At that time, almost nothing was known about the cell nucleus, although three years before Miescher’s discovery, in 1866, the famous German biologist Ernst Haeckel suggested that the nucleus was responsible for the transmission of hereditary characteristics.

Wanting to study nuclein in more detail, Miescher developed a procedure for its isolation and purification. Having treated the sediment with enzymes that digest protein, he was convinced that it was not a protein compound - the enzymes were unable to decompose nuclein. It did not dissolve in ether and other organic solvents, that is, it was not a fatty substance. Chemical analysis was then extremely labor-intensive, slow and not very accurate, but Miescher carried it out and became convinced that nuclein consisted of carbon, oxygen, hydrogen, nitrogen and large quantities of phosphorus. At that time, organic molecules with phosphorus in their composition were practically unknown. All this convinced Miescher that he had discovered some new class of intracellular compounds.

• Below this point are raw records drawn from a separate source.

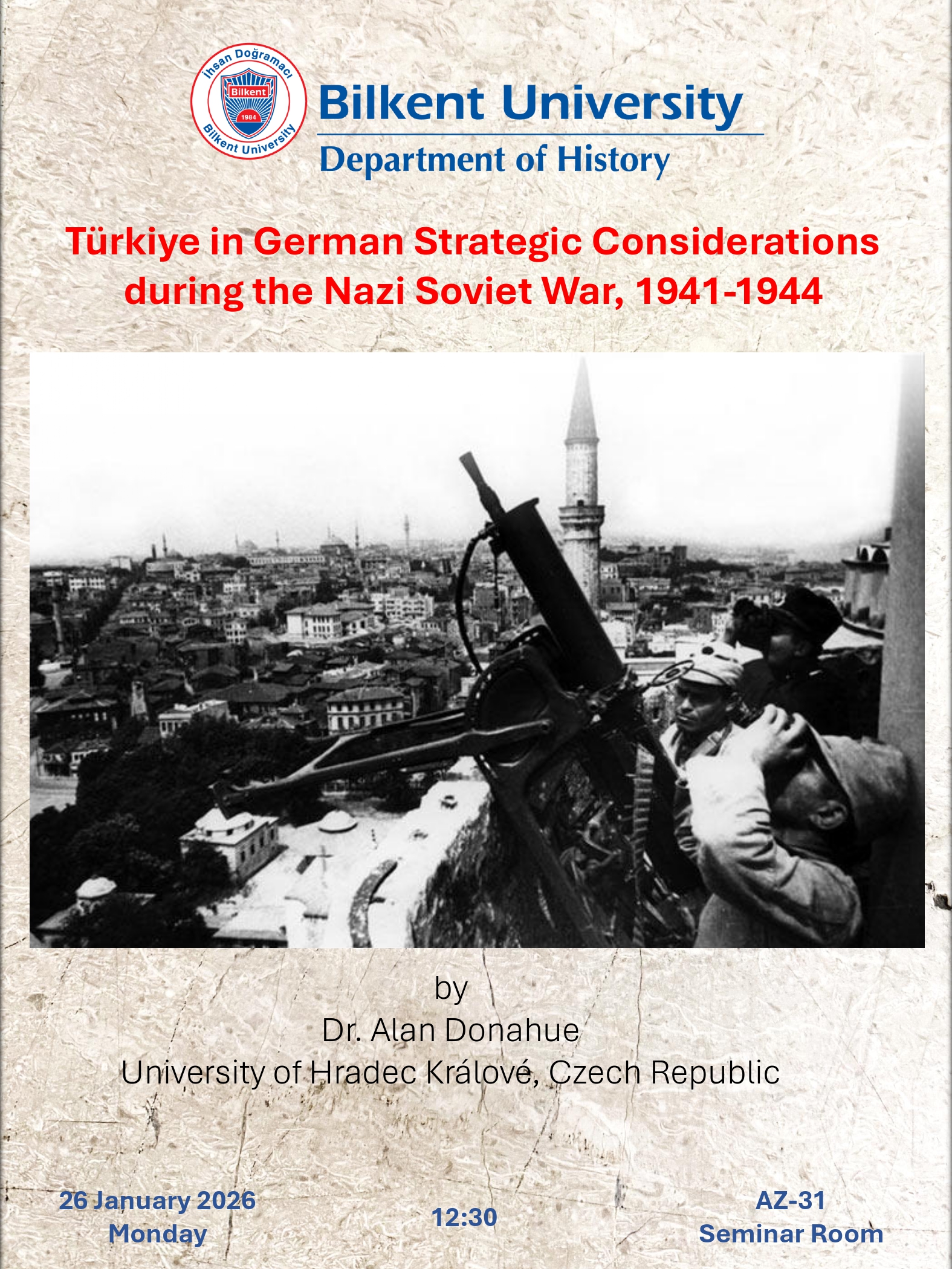 The Department of History and the Bilkent Historical Society invite all graduate students who would like to participate, to the Bilkent History Graduate Symposium which will be held in 2nd and 3rd of April, 2026
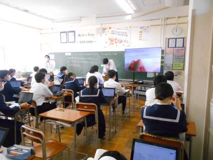 (写真 下:3年4組 英語)
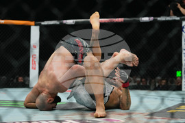 Russia's Alexander Volkov, Top, battles Brazil's Jailton Almeida during a bantamweight bout at the mixed martial arts UFC Fight Night in Abu Dhabi, United Arab Emirates, Saturday, Oct. 25, 2025. (AP Photo/Altaf Qadri)

Having written an article about the new discovery, he sent it to his teacher, one of the founders of biochemistry, Felix Hoppe-Seyler, who published the journal Medico-Chemical Research. He decided to check such an unusual message in his laboratory. The verification took a whole year, and Miescher was already afraid that someone would independently discover the same nuclein and publish the results first. But in the next issue of the magazine for 1871, Miescher’s article was accompanied by two articles by Hoppe-Seyler himself and his collaborator, confirming the properties of nuclein.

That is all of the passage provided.